The Chinese Government has consistently taken the

view that the whole of Hong Kong is Chinese territory.

For many years its position was that the treaties

relating to Hong Kong were unequal ones left over from

history; that the question should be settled peacefully

through negotiation when the time was ripe; and that

pending a settlement the status quo should be maintained.

It made it clear that in its view the settlement of the

question of Hong Kong was a matter of China's sovereign

right.

In Confidence

3. The expiry of the New Territories' lease on 30 June

1997 made it necessary to tackle the question of the

future as soon as possible after China's emergence from

the Cultural Revolution. It was clear that the remaining

8% of Hong Kong's land area would not be viable without

the New Territories, which contain most of the

territory's agriculture and industry, its power stations,

and its airport and container port.

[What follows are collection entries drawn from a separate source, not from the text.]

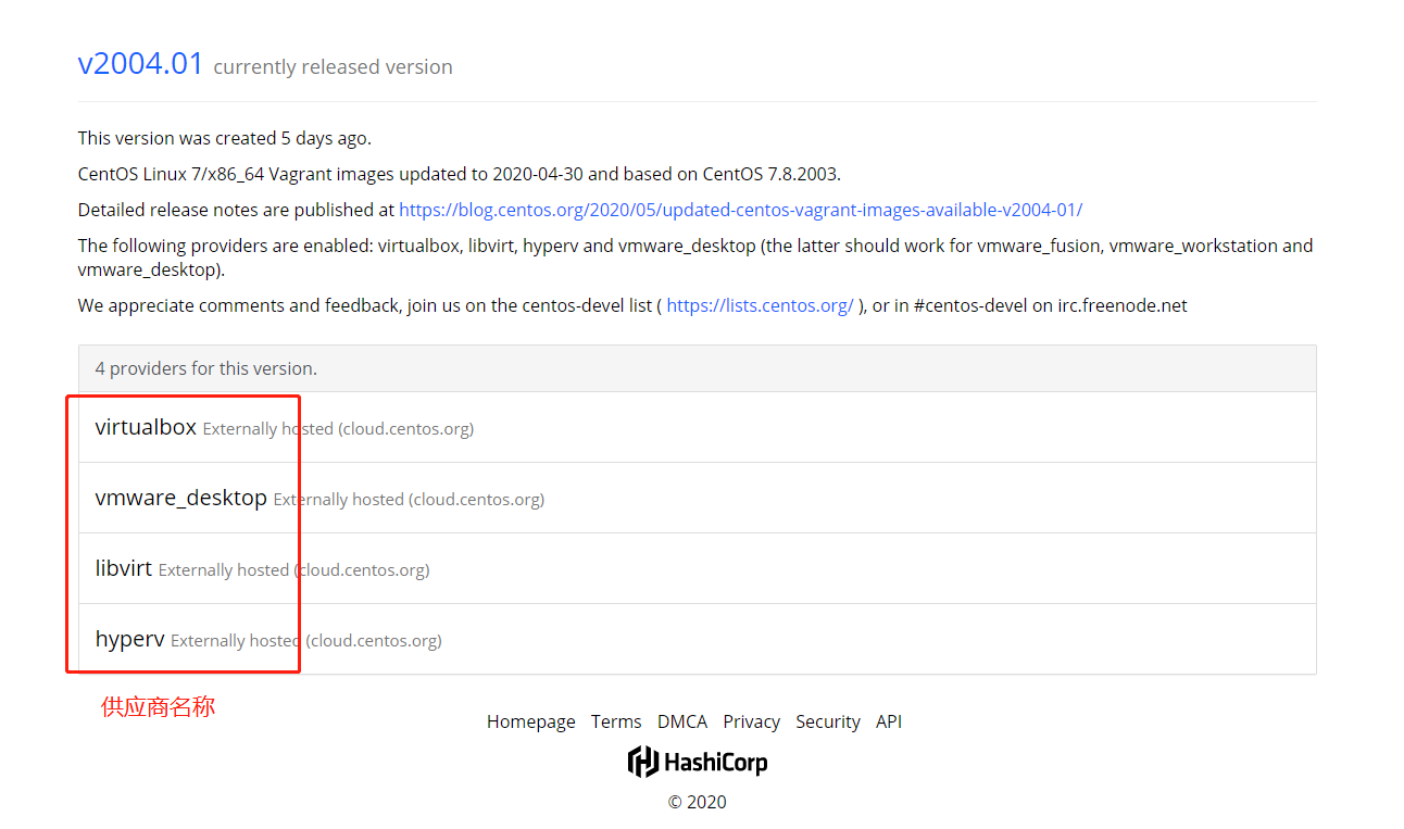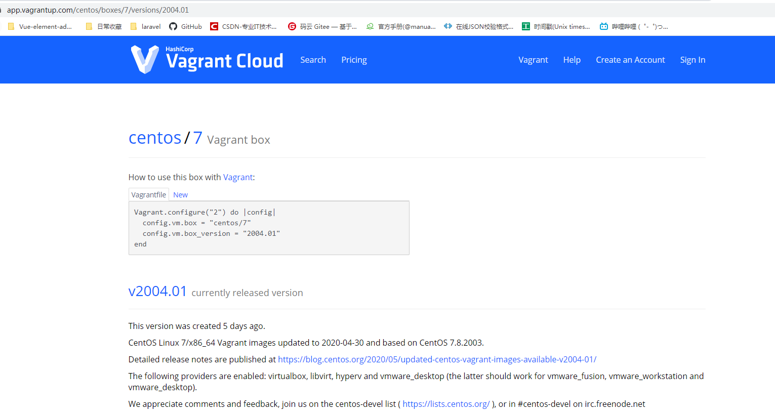 4、 这时候网站地址栏会拼接上相应版本号,这时,不多说,开始拼接URLhttps://app.vagrantup.com/centos/boxes/7/versions/2004.01/providers/供应商名字.box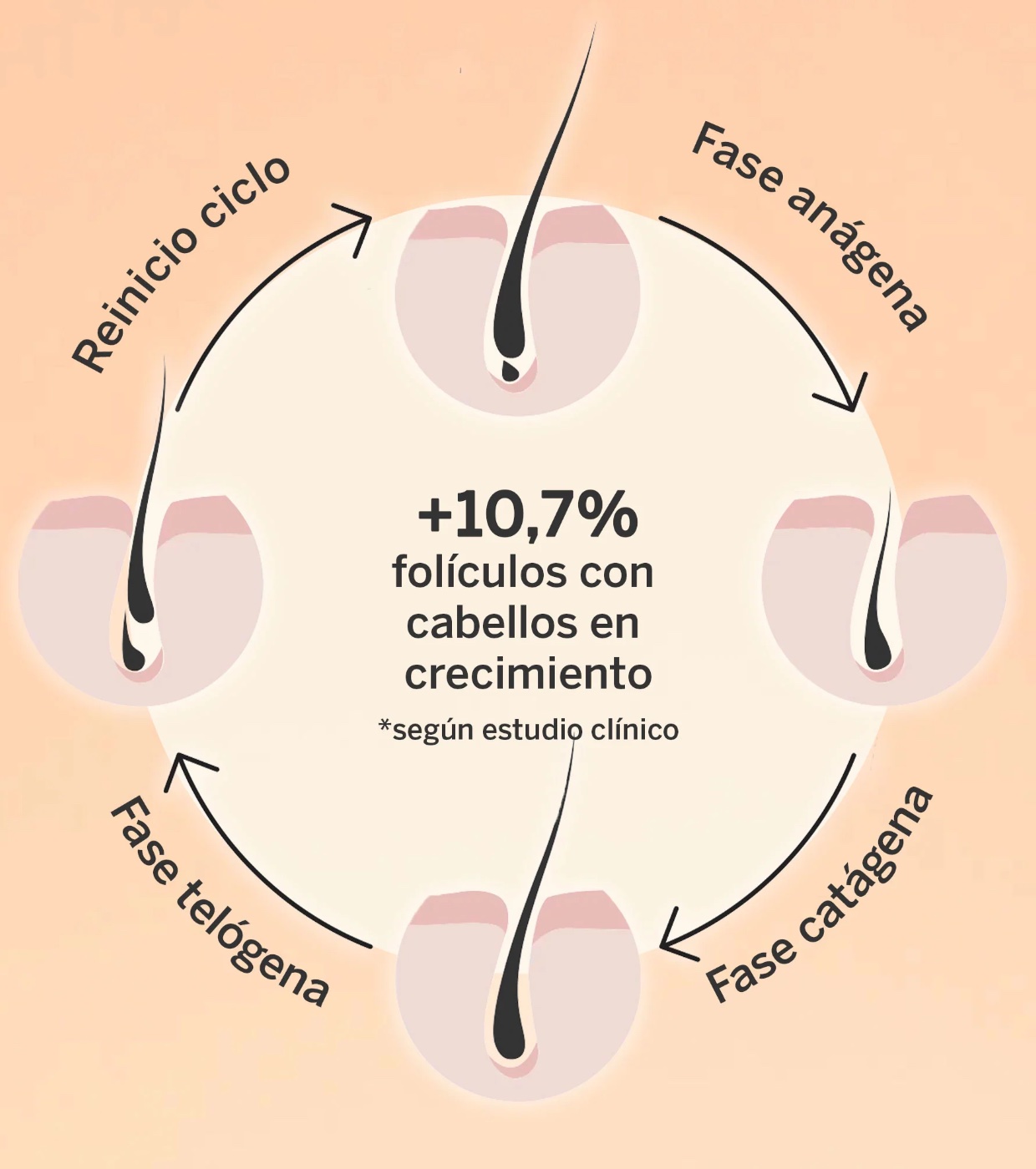 - Estimula o crescimento do cabelo: ativa o ciclo capilar e promove a regeneração do folículo capilar.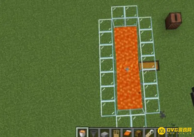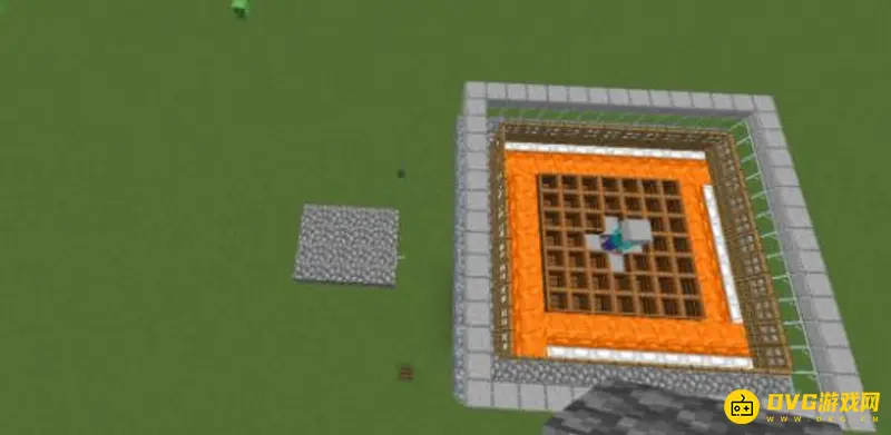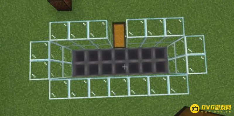 3、在这外围的玻璃上都放上台阶,这样可以避免铁傀儡刷新在玻璃的上面。

Moreover, by the

late 1970s, concern about Hong Kong's future, both

locally and amongst foreign investors, began to grow.

The inability of the Hong Kong Government to grant new

land leases in the New Territories extending beyond 1997

was a particular problem which was becoming progressively

more serious. Simply to have ignored the 1997 deadline

was not an option: the legal instrument under which the New Territories was governed was due to expire in 1997; and uncertainty as to what would happen thereafter would

have led to an erosion of confidence as the reality of

Hong Kong's uncertain future became closer and clearer.